It is these unique features that I take issue with. For example:
(1) Dr. Clarke states "It does not apply to exposures that are not
amenable to control, such as cosmic radiation at ground level, but
would apply to high terrestrial levels of natural background." My
question is how does one regulate this, and, do we make individuals
move solely for the reason that they are exposed to high levels of
natural exposure, that does not originate from cosmic radiation?

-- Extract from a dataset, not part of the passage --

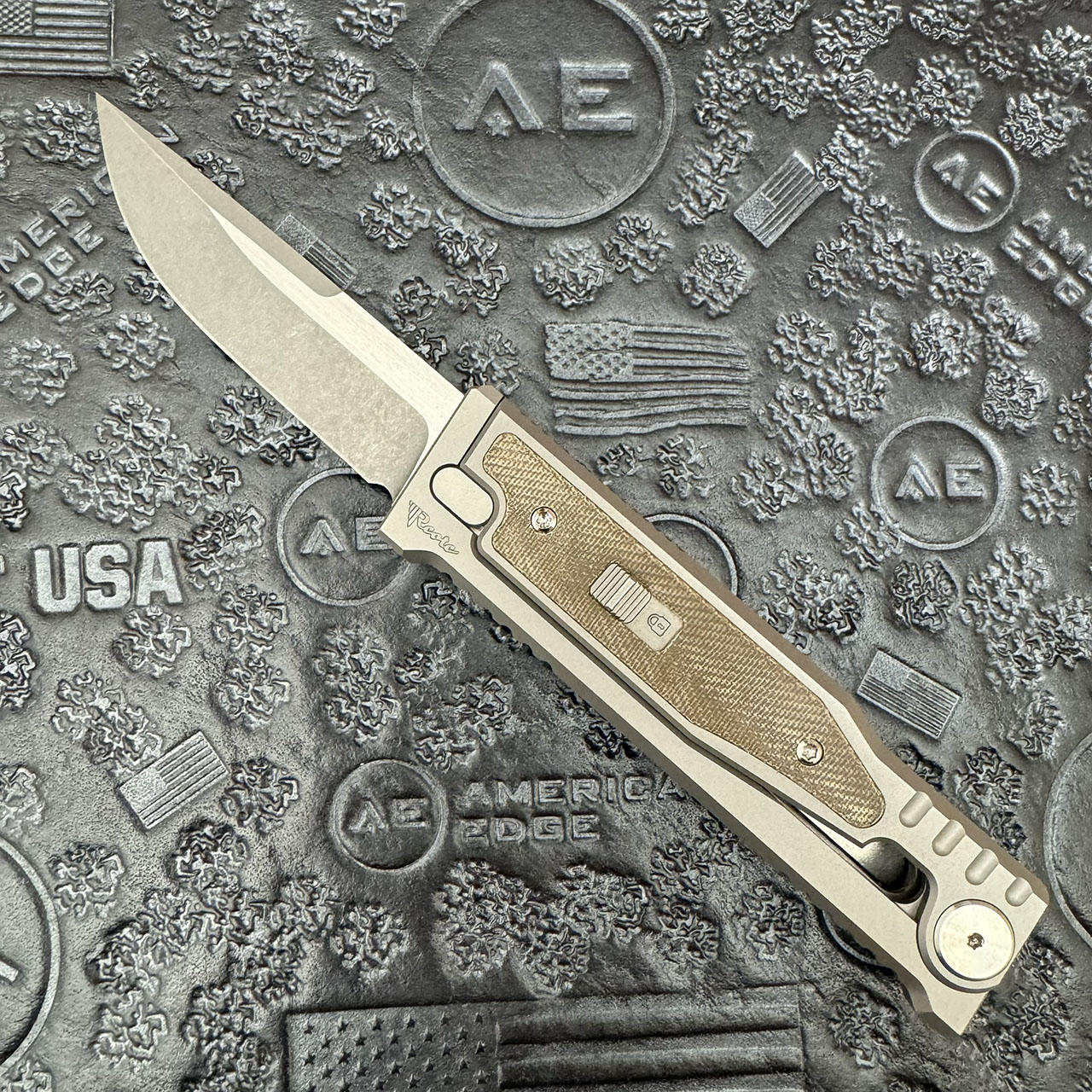 Reate EXO M S/E Gravity Knife Titanium Handle w/ Green Micarta Inlay Stonewashed Standard 3V Blade (Pre-owned)

(2) "The significance of a level of controllable dose depends on its
magnitude, the benefit to that individual and the ease of reducing or
preventing the dose." This is essentially ALARA. Mandating ALARA
levels was attempted in the USA, and was dropped from the
regulations. The only reference now is that there must be a program,
but there are no prescriptive level requirements stated. Each
situation must be assessed on its own merits. There are too many
variables in this consideration; 1st the risk, 2nd the benefit and
3rd the ability to reduce. We all know the consequences of having too
many variables to manage.
(3) "If the risk of harm to the health of the most exposed individual
is trivial, then the total risk is trivial - irrespective of how many
people are exposed." I fully concur with this statement.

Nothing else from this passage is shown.